The findings that a modest number of candidates were financed by this industry sector despite the presence of corporate groups that figure among the biggest donors in national elections, as well as the predominance of indirect contributions, are in line with previous political science research analysing corporate campaign contributions in Brazil. This used to be the big picture until 2015: corporate contributions were the main source of funding for electoral campaigns; a few companies and corporate groups donated significant amounts of money which were allocated to a few candidates, who consequently received high sums for their campaigns; political parties had a central role as mediators of corporate contributions, especially those from big donors(Reference Mancuso and Speck30Reference Mancuso, Horochovski and Camargo32,Reference Speck and Biason43Reference Speck and Campos45) .

The reasons why corporations contribute to elections through political parties and the strategies used to distribute financial resources to political parties and candidates are unknown in this study. It is possible that contributing to the political party could create bonds with the institution, which has more power to develop, shape and introduce public policies. If the choice regarding which candidates were to be financed was made by the political party, resources could have been distributed to those with more chances of being elected. If the choice was made by the corporations, contributions mediated by political parties or other candidates could have been a means to hide a possible relationship with the elected officials.

It is likely that both direct and indirect contributions could create bonds between the corporations and elected officials. Yet, we are not aware of any study addressing whether there are differences in the effect of these types of contribution on the behaviour of elected officials in Brazil. Theoretically, one could say that direct contributions could have a stronger influence on how an elected official votes or defends private interests. However, two hypothetical scenarios must be taken into account. First, if the final destination of the money (candidate) was defined in its origin (corporation), the effect of an indirect contribution in establishing a relationship between the elected official and the corporation could have been the same as that produced by a direct contribution. Second, even if the candidates to be financed were not defined a priori by the corporations, both recipients and donors knew who had benefited from the contributions. As a result, although most contributions from sugary drink and sugary drink input industries were made indirectly to candidates, we cannot rule out the possibility that these contributions could indeed buy influence of elected officials on decision-making processes.

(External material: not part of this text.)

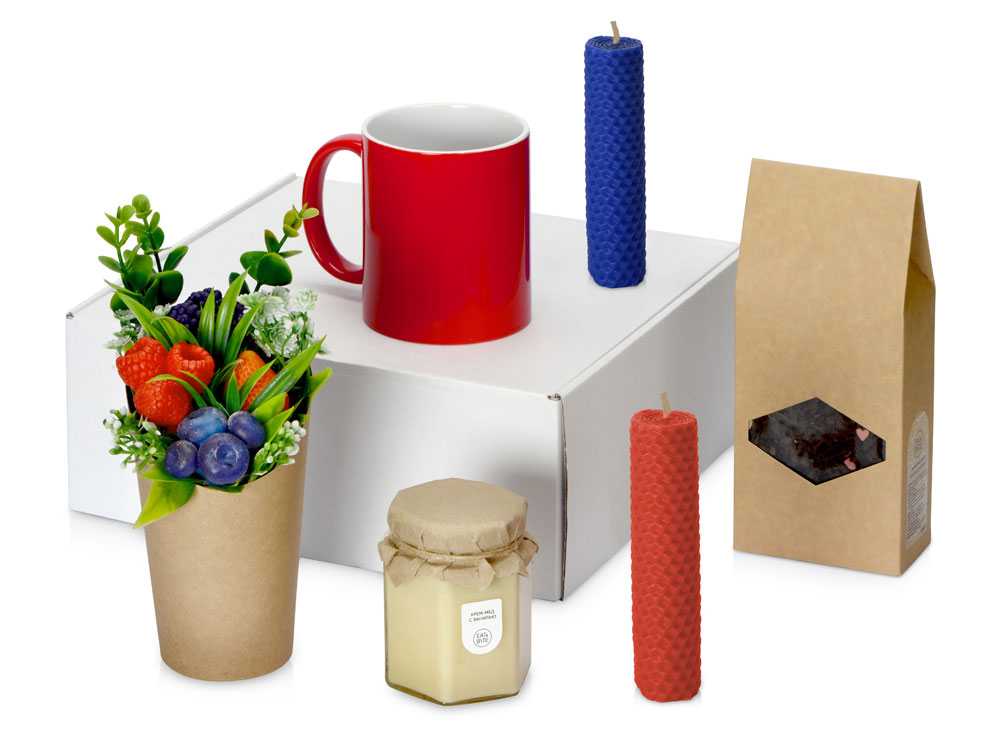 Набор наполнен запахом ягод, ими пахнут и мыло ручной работы, выполненное в виде букета, и чай, а свеча из вощины и крем-мед добавляют к этому аромату нотку медового уюта. Набор состоит из кружки, двух свечей из окрашенной вощины, кружки, крем-меда и пакетика чая, а упаковкой служит белая картонная коробка с наполнителем. Трафаретная печать круговая (1 цвет (цветные изделия)) на данный товар осуществляется бесплатно. Оплачивается только настройка оборудования в размере 6400 рублей на весь тираж. Внимание! Оттенок мёда может незначительно отличаться от партии к партии, т.к. для его изготовления используется разнотравный мед с различных пасек, которые могут находится как вблизи лугов, так и посевов. Сборка набора осуществляется в течение 2-х рабочих дней при наличии на складе.

The participation from sugary drink industries was greater than that of sugary drink input industries. This result could reflect the considerable economic power of some corporations that produce soft drinks, including the transnational Coca-Cola and Ambev, as well as Cervejaria Petrópolis, which was used as a front company by Construtora Norberto Odebrecht to hide the origin of part of its contributions. In addition, corporations related to agribusiness – in which sugary drink input industries are included – frequently have their owners running up to elections, thus reducing the number of candidates they finance(Reference Carazza34). In the case of Viva Lácteos, as the association was initiated in 2014, the results of the present analysis could have reflected a period when their associates were not articulated enough for collective action, especially through electoral campaign contributions(46). Also, we cannot rule out that the focus of the CPA from this particular association might be outside the Brazilian Legislature, as by February 2020 no representative had been registered at the 1st Secretariat of the Chamber of Deputies.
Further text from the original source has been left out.